Data Geek III – The universities continue
It took me some time to do another analysis with Lumira and to get my hands on predictive analysis. Based on my last post Data Geek III – Where should I send my children (if I had any)?, I’ll continue writing about and analyzing universities. This time, also based on the comment of Jelena Perfiljeva, I’ll look more at the reputation and different scores the universities got during this year’s ranking. The data is obtained from QS Top Universities that prove a worldwide ranking of universities based on different aspects. I assumed that this data might also be a good source for predicting values and clustering. The rankings can be found here: http://www.topuniversities.com/
The dataset I used is located here: http://www.iu.qs.com/product-category/wur/2014-wur/
All sets here: http://www.iu.qs.com/product-category/wur/
So let’s start with analysis.
For the preparation, I started by creating a geographic dimension for the country:
In addition, I created groups for AGE, FOCUS, RESEARCH and SIZE, just to make easier to understand, according to the descriptions provided by QS:
Furthermore, I created one custom calculated measure to have the improvement of ranks compared to the year before:
I first started to get an overview about the 20 best ranked Universities and comparing the different rankings with the total one. QS provides individual rankings for academic reputation, citations per faculty, employer reputation, faculty student, international faculty and international students.
In addition, I added the countries to have a look at the top rated countries. What is interesting here is the “huge” difference that universities show in the different rankings.
Taking the MIT for example, it is the best ranked University worldwide this year and in 2013. Nevertheless, if we look at the international student rankings, the University College London and the University in Lausanne for example are much better. Also comparing the academic rank, Cambridge is the better one. Nevertheless does the overall score computation lead to rank 1 for MIT. Looking at the countries, there are 2 UK universities among the top 3, 4 among the top 6 and 4 among the top 10.

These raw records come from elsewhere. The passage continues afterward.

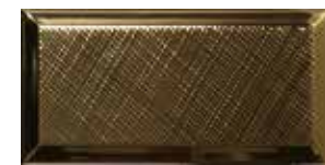
ARTS GOLDBRIGHT 219690 / ZP 502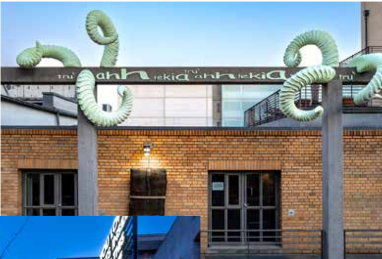
Anselm Baumann, Crown of Horns, 2024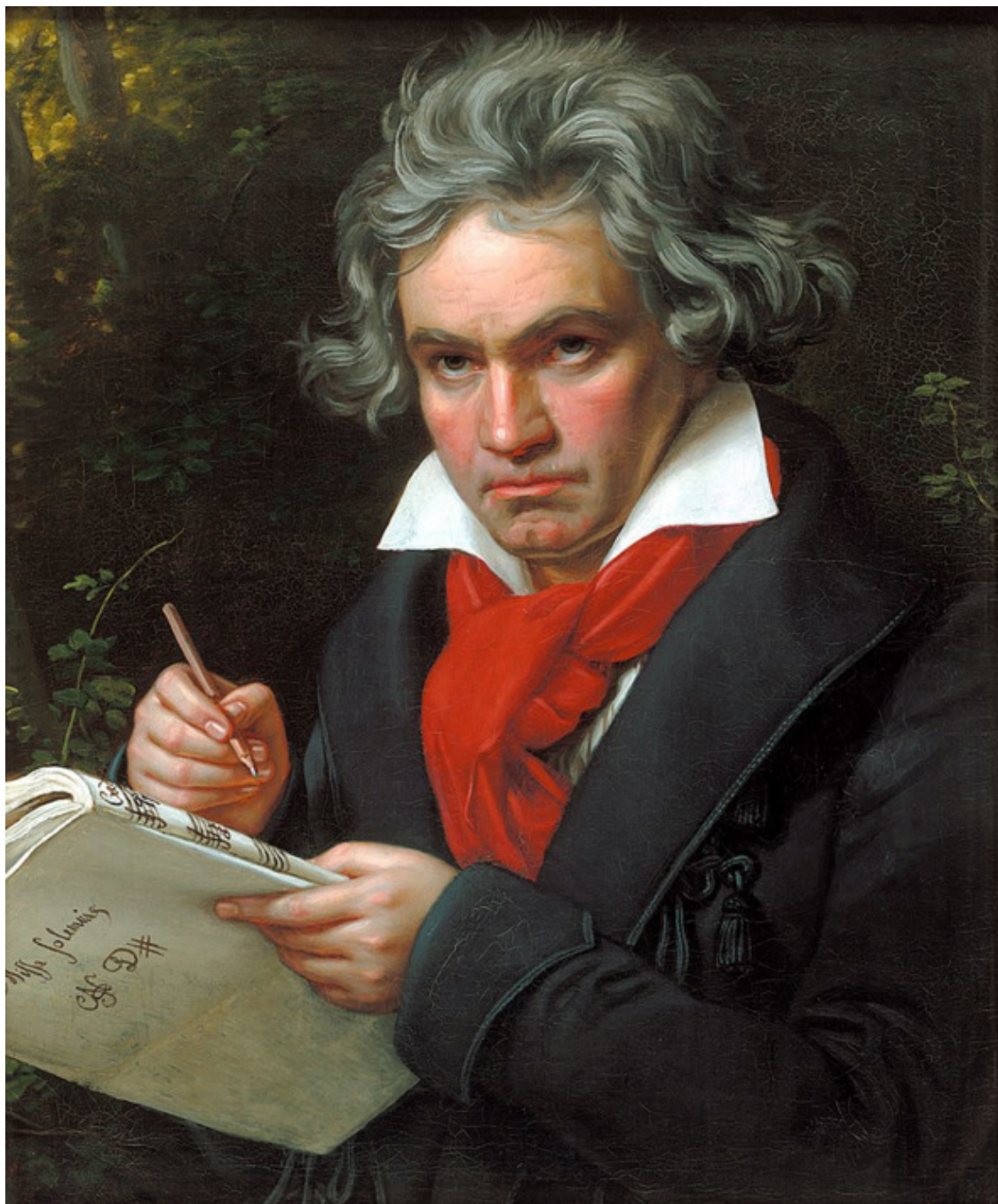
Людвиг ван Бетховен. Портрет работы Карла Штилера, 1820 год

Assuming that the overall score leads to better ranks the higher the score is, we could assume from the following picture that most top universities are based in the USA and UK:
A possible error here might be the number of institutions per country. If we have 100 times as much universities in the UK, but all with more low score, we might still score a high amount. So everything is up to the interpretation of data and diagrams 🙂
China, Italy and Taiwan did lose some ranks.
Breaking down this more and filtering on the USA, we see that especially the Washington University in St. Louis and the University of California , Davis gained most.
Interestingly to see that the UCLA, UCSD and NYU did lose some ranks.
In the UK, we have the Universities of London and Kent gaining most:
My alma mater, the University of Liverpool did lose quite some ranks:
But being on rank 123 worldwide still is not that bad:
It’s the IS rank I think that increases the score, compared to the MIT, when thinking about the IS rank, the UoL is quite close.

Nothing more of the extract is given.